Recently within the Mormon community, former bishop Sam Young started a movement to protect the LDS children by seeking to gain the support of others to demand that the LDS church stop sexually explicit interviews of Mormon youth that are held behind closed door, alone with an older man. He is collecting signatures of people who support this cause which he will present, along with a record of testimonies of those abused as children by church leaders, on March 30th to the LDS Church Office building. If you do not know about the petition and efforts underway to protect the innocent children of the LDS Church, I would suggest visiting protectldschildren.org
I will not be going into detail here about the issue of sexually explicit interviews of Mormon youth. That has been addressed well enough by others and so for the sake of argument, we are going to assume that the practice is morally wrong. Instead, this blog post will address why questioning policies and standing up to such issues does not make one an apostate and how as a faithful members, it is your responsibility, and not just the leaders, to see that your church is rooting out the evil so that it can become the bride of Christ - a Zion people ready for the return of the Lord.
On Thursday, January 25th, Sam Young met with his local church leaders to discuss the book "Sacred Stories of Sacred Children" and Sam's efforts to raise awareness of the issue. As Sam described some of the trauma and horrible accounts of sexual abuse and misconduct in bishop interviews share by victims in his book his leaders responded saying,
Sam takes it a step further is his response,
“Shame on the system that enabled the actions of these men.”

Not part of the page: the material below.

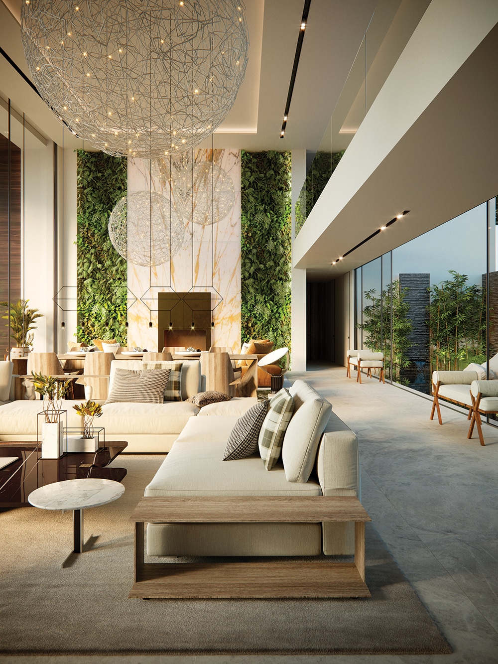 Современная гостиная с белой мебелью, столом и лампой из натурального дерева.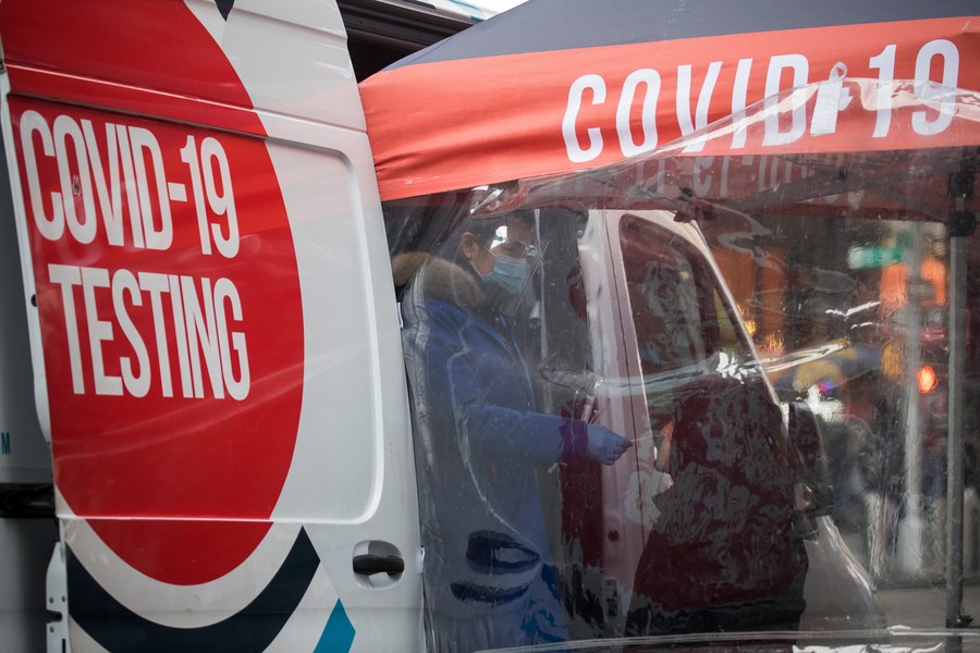 A man receives a COVID-19 test on Times Square in New York, the United States, March 28, 2022. (Photo by Michael Nagle/Xinhua)

I find Mr. Young's response to be a very profound and true statement. I have repeatedly heard the argument from members of the LDS church that the "the church is perfect, but the members are imperfect". This is a reaffirming argument for those who believe that church can never lead you astray because inspired leaders of God are infallible since they would be struck dead by God and removed from their place if they did try to lead the church astray. It is comforting to believe that you can rest in the assurance that the life you pursue and the actions you take are in accordance to God's will so long as you maintain faith in the direction and authority of that perfect church. It is easier to surrender the personal moral responsibility of following the dictates of your conscience to the idea that "if you always keep your eye on the President of the Church and if he ever tells you to do anything, and it is wrong, and you do it, the Lord will bless you for it."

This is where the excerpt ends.